** THE PROBLEM **
Please retype the records below exactly as they appear, but leave out the pictures.

** DATASET EXCERPTS **
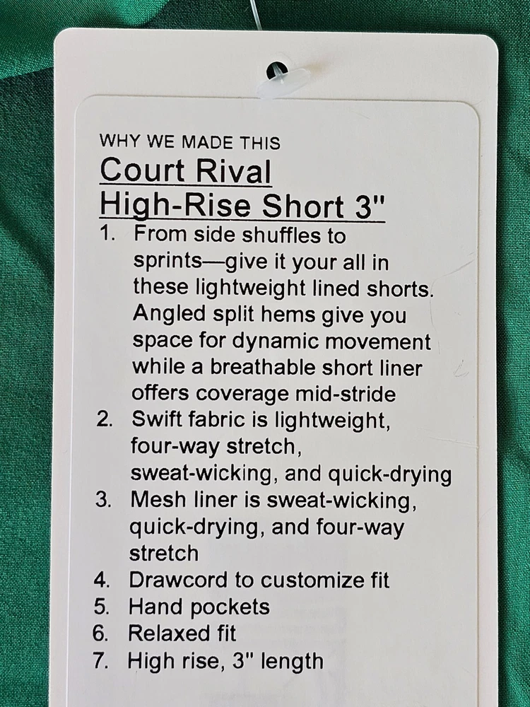 Brand: Lululemon Size: 6 Official Color: RCGR/RNFG Condition: New With Tags Description: Court Rival High Rise Short 3" From side shuffles to sprints - give it your all in these lightweight lined shorts. Angled split hems give you space for dynamic movement while a breathable brief liner offers coverage mid-stride Swift fabric is lightweight, four-way stretch, sweat-wicking, and quick-drying Mesh liner is sweat-wicking, quick drying, and four-way stretch Drawcord to customize fit Hand pockets Relaxed fit High rise, 3″ length Authenticity Guarantee All our items are 100% authentic, guaranteed! Payment We accept all forms of payment through eBay Managed Payments. Please make payment promptly after purchasing or once the auction has ended. Shipping We provide Free Shipping to the USA. Items are shipped via USPS/Canada Post and are tracked. For Canadian shipments, we provide discounted shipping. We ship via Canada Post and are tracked. For International shipments, we provide discounted shipping, please refer to the shipping cost on the listing once you have chosen your country. Returns We allow up to 30 days for returns. Item must be in the original condition that was shipped to you including any tags attached. All returns must be shipped via postal service, not UPS, FedEx or any other courier service. Please note that we detail the color as accurately as possible in our description and we take many pictures to show the item at different angles. However, the actual colors may vary in person due to different monitors and their settings. Taxes & Duties As a registered business we are required to collect taxes. All Canadian shipments are subject to the tax of their province. Taxes are based on the item and shipping. International Buyer's are responsible for their country's taxes and duties. Powered by Infinato.
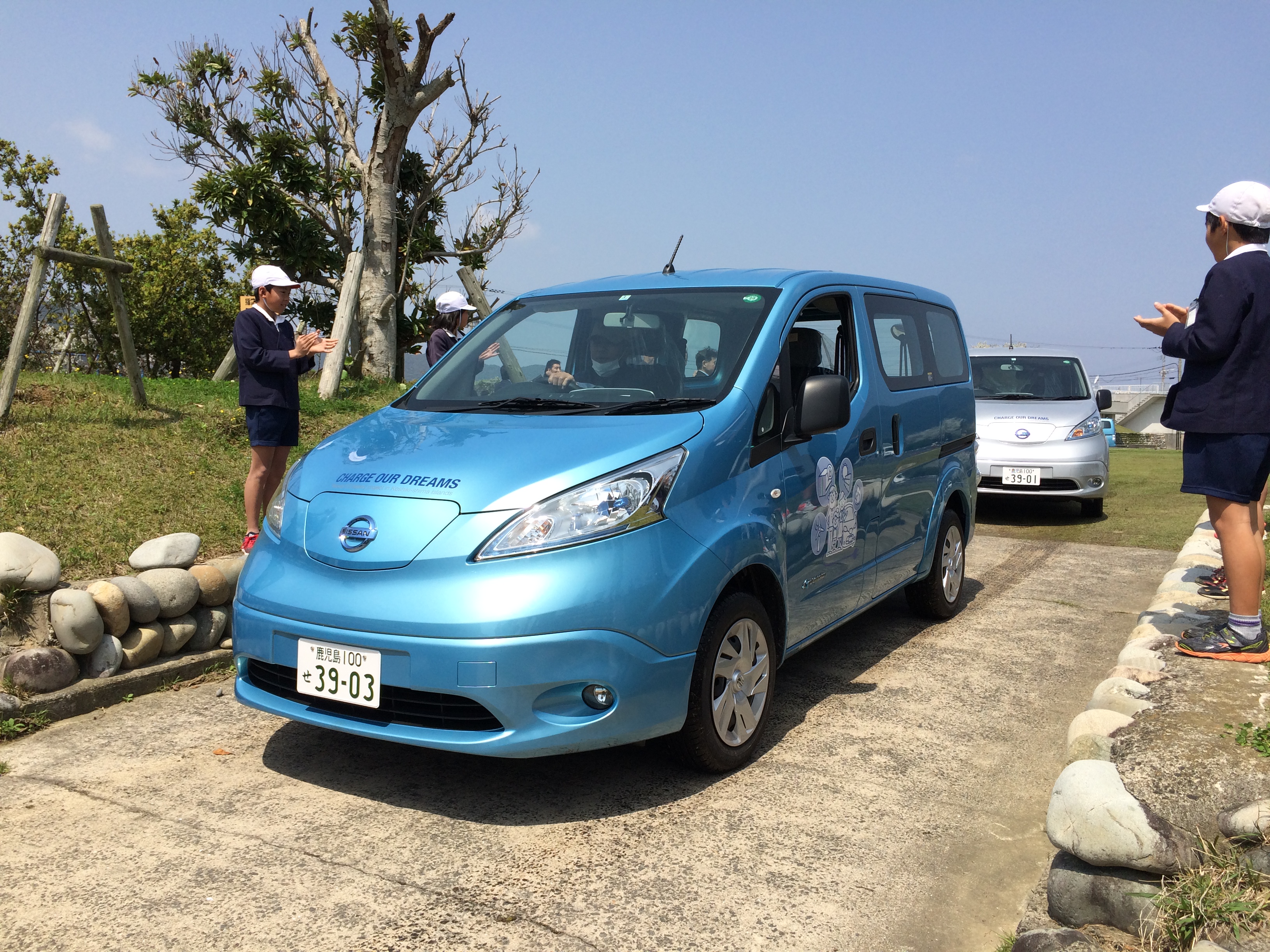 薩摩川内市と日産自動車株式会社・住友商事株式会社の連携で、甑島を舞台とした「みらいの島」共同プロジェクトを立ち上げ、今回上甑島へ電気自動車(e-NV200)を40台導入。そのお披露目が4月12日行われました。IMG_2502
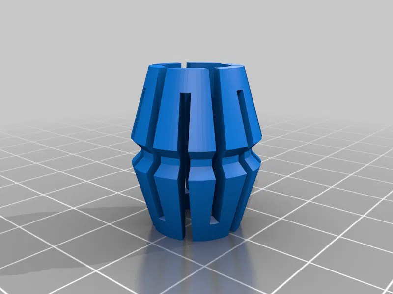 Cơ cấu kẹp bút kiểu collet cho CNC Plotter, dùng cho bút đường kính 8–10 mm. Collet đối xứng để giảm delaminating khi kẹp bút nhỏ; khuyên in collet bằng PETG và các phần ren/giữ bằng PLA.
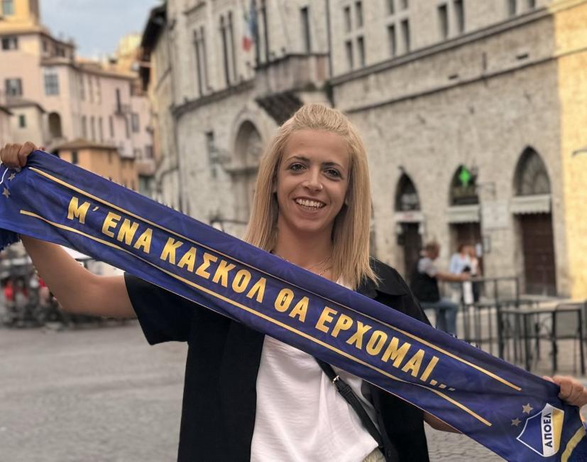 Η φίλαθλος του ΑΠΟΕΛ δεν θα βρίσκεται στο ΓΣΠ την Πέμπτη το βράδυ για τη ρεβάνς με την Ρίγας Σκόλα, αλλά όπου πάει το κασκόλ είναι μαζί της και ιδού η απόδειξη! Φωτογραφία από την επίσκεψή της στην Ιταλία.
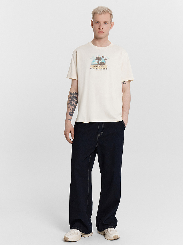 Футболка мужская бежевая с принтом и надписью "Lost in the oceanc embrace"
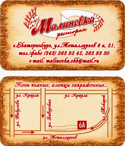 Ресторан "Малиновка", ул.Металлургов, 6а.
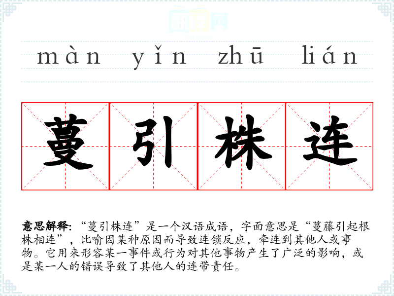 “蔓引株连”是一个富有深意的成语,它提醒我们在言行举止中要考虑到他人的感受和可能的影响。在语言学*和表达中,理解这样的成语不仅丰富了我们的词汇,也提升了我们对社会关系的敏感性。这种对连带责任的认识对个人成长和社会和谐都具有重要意义。
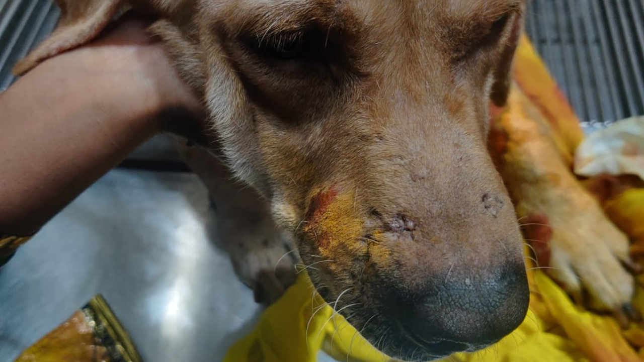 Rascal, a loving stray dog, was rescued on 25 September 2025 with a serious injury on his nose. The wound had already worsened due to infection, causing him immense pain and weakness.
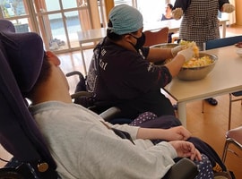 Aromaheart Yuの竹俣先生がボランティアで来て下さり、スタッフへのアドバイスやケアもして頂きました。ハンドケアの後には、アロマの香りの中、ハーブティでゆっくりと茶話会タイムを過ごして頂きました。
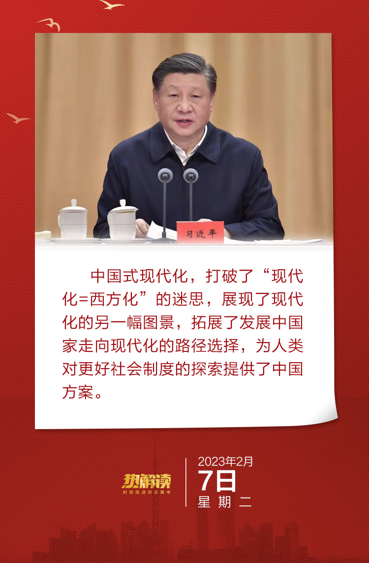 丨热解读丨2月7日,新进中央委员会的委员、候补委员和省部级主要领导干部学习贯彻习近平新时代中国特色社会主义思想和党的二十大精神研讨班在中央党校(国家行政学院)开班,习近平总书记在专题研讨班开班式上亲授这堂“新年第一课”。此次“授课”的主题是中国式现代化。
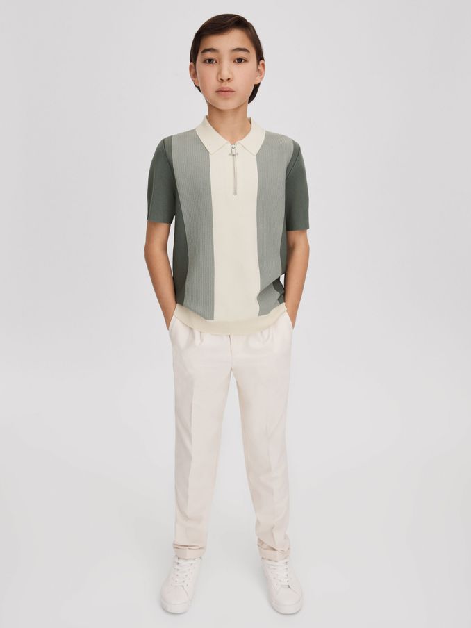 3-9 yrs Cotton Stripe Knit Half-Zip Polo Shirt in Sage Green/Off White
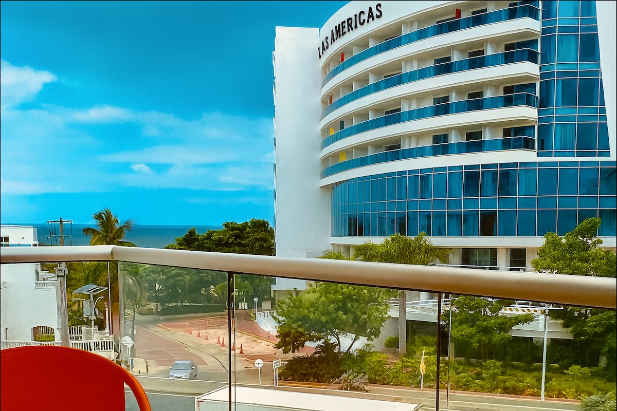 Квартира з видом на океан, балконом і джакузі на даху. Зручно розміщує до 6 гостей, ідеально підходить для сімей, друзів або ділових поїздок. До послуг гостей повністю обладнана кухня, телевізор Smart TV, Wi-Fi, кондиціонер, гаряча вода, пральна та сушильна машини та приватне паркування. Розташована в одному кварталі від пляжу Моррос і поруч із конференц-центром Лас-Америкас, за 5 хвилин від аеропорту та за 10 хвилин від Старого міста. Зручності будівлі включають тренажерний зал і терасу на даху з 2 джакузі з видом на Карибське море.
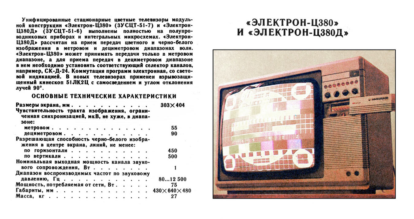 цветного изображения "Электрон Ц-380/Д" с 1984 года выпускало Львовское
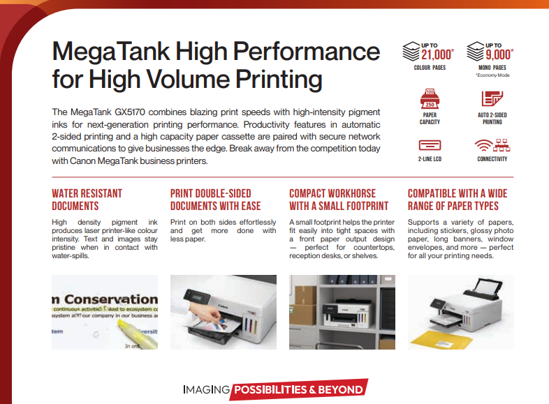 MegaTank for Business – High Performance for High Volume Printing The MegaTank GX5170 combines blazing print speeds with high-intensity pigment inks for next-generation printing performance. Productivity features in automatic 2-sided printing and a high capacity paper cassette are paired with secure network communications to give businesses the edge. Break away from the competition today with Canon MegaTank business printers.
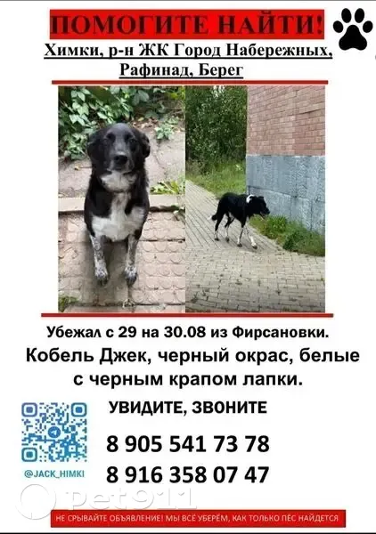 Химки МО, пропала собака. Убежал с 29 на 30.08 из Фирсановки и был замечен 3 сентября в Химках в районе Лобня ул Физкультурная вблизи Серафимовской церкви . Хозяйка ищет на месте, не успевает за ним. Кобель Джек чёрного окраса, лапы белые с чёрным крапом. Чат поиска t. Me/jack_himki 8(905)541-73-78, 8(916)358-07-47
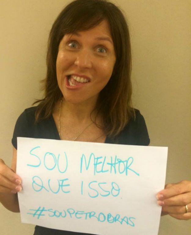Nas redes sociais, usando a hashtag #soupetrobras, empregados da petrolífera vêm postando, desde o início de quarta-feira, fotos de si mesmos segurando cartazes com a frase "sou melhor que isso #soupetrobras".

** YOUR RESPONSE **
 Brand: Lululemon Size: 6 Official Color: RCGR/RNFG Condition: New With Tags Description: Court Rival High Rise Short 3" From side shuffles to sprints - give it your all in these lightweight lined shorts. Angled split hems give you space for dynamic movement while a breathable brief liner offers coverage mid-stride Swift fabric is lightweight, four-way stretch, sweat-wicking, and quick-drying Mesh liner is sweat-wicking, quick drying, and four-way stretch Drawcord to customize fit Hand pockets Relaxed fit High rise, 3″ length Authenticity Guarantee All our items are 100% authentic, guaranteed! Payment We accept all forms of payment through eBay Managed Payments. Please make payment promptly after purchasing or once the auction has ended. Shipping We provide Free Shipping to the USA. Items are shipped via USPS/Canada Post and are tracked. For Canadian shipments, we provide discounted shipping. We ship via Canada Post and are tracked. For International shipments, we provide discounted shipping, please refer to the shipping cost on the listing once you have chosen your country. Returns We allow up to 30 days for returns. Item must be in the original condition that was shipped to you including any tags attached. All returns must be shipped via postal service, not UPS, FedEx or any other courier service. Please note that we detail the color as accurately as possible in our description and we take many pictures to show the item at different angles. However, the actual colors may vary in person due to different monitors and their settings. Taxes & Duties As a registered business we are required to collect taxes. All Canadian shipments are subject to the tax of their province. Taxes are based on the item and shipping. International Buyer's are responsible for their country's taxes and duties. Powered by Infinato.
 薩摩川内市と日産自動車株式会社・住友商事株式会社の連携で、甑島を舞台とした「みらいの島」共同プロジェクトを立ち上げ、今回上甑島へ電気自動車(e-NV200)を40台導入。そのお披露目が4月12日行われました。IMG_2502
 Cơ cấu kẹp bút kiểu collet cho CNC Plotter, dùng cho bút đường kính 8–10 mm. Collet đối xứng để giảm delaminating khi kẹp bút nhỏ; khuyên in collet bằng PETG và các phần ren/giữ bằng PLA.
 Η φίλαθλος του ΑΠΟΕΛ δεν θα βρίσκεται στο ΓΣΠ την Πέμπτη το βράδυ για τη ρεβάνς με την Ρίγας Σκόλα, αλλά όπου πάει το κασκόλ είναι μαζί της και ιδού η απόδειξη! Φωτογραφία από την επίσκεψή της στην Ιταλία.
 Футболка мужская бежевая с принтом и надписью "Lost in the oceanc embrace"
 Ресторан "Малиновка", ул.Металлургов, 6а.
 “蔓引株连”是一个富有深意的成语,它提醒我们在言行举止中要考虑到他人的感受和可能的影响。在语言学*和表达中,理解这样的成语不仅丰富了我们的词汇,也提升了我们对社会关系的敏感性。这种对连带责任的认识对个人成长和社会和谐都具有重要意义。
 Rascal, a loving stray dog, was rescued on 25 September 2025 with a serious injury on his nose. The wound had already worsened due to infection, causing him immense pain and weakness.
 Aromaheart Yuの竹俣先生がボランティアで来て下さり、スタッフへのアドバイスやケアもして頂きました。ハンドケアの後には、アロマの香りの中、ハーブティでゆっくりと茶話会タイムを過ごして頂きました。
 丨热解读丨2月7日,新进中央委员会的委员、候补委员和省部级主要领导干部学习贯彻习近平新时代中国特色社会主义思想和党的二十大精神研讨班在中央党校(国家行政学院)开班,习近平总书记在专题研讨班开班式上亲授这堂“新年第一课”。此次“授课”的主题是中国式现代化。
 3-9 yrs Cotton Stripe Knit Half-Zip Polo Shirt in Sage Green/Off White
 Квартира з видом на океан, балконом і джакузі на даху. Зручно розміщує до 6 гостей, ідеально підходить для сімей, друзів або ділових поїздок. До послуг гостей повністю обладнана кухня, телевізор Smart TV, Wi-Fi, кондиціонер, гаряча вода, пральна та сушильна машини та приватне паркування. Розташована в одному кварталі від пляжу Моррос і поруч із конференц-центром Лас-Америкас, за 5 хвилин від аеропорту та за 10 хвилин від Старого міста. Зручності будівлі включають тренажерний зал і терасу на даху з 2 джакузі з видом на Карибське море.
 цветного изображения "Электрон Ц-380/Д" с 1984 года выпускало Львовское
 MegaTank for Business – High Performance for High Volume Printing The MegaTank GX5170 combines blazing print speeds with high-intensity pigment inks for next-generation printing performance. Productivity features in automatic 2-sided printing and a high capacity paper cassette are paired with secure network communications to give businesses the edge. Break away from the competition today with Canon MegaTank business printers.
 Химки МО, пропала собака. Убежал с 29 на 30.08 из Фирсановки и был замечен 3 сентября в Химках в районе Лобня ул Физкультурная вблизи Серафимовской церкви . Хозяйка ищет на месте, не успевает за ним. Кобель Джек чёрного окраса, лапы белые с чёрным крапом. Чат поиска t. Me/jack_himki 8(905)541-73-78, 8(916)358-07-47
Nas redes sociais, usando a hashtag #soupetrobras, empregados da petrolífera vêm postando, desde o início de quarta-feira, fotos de si mesmos segurando cartazes com a frase "sou melhor que isso #soupetrobras".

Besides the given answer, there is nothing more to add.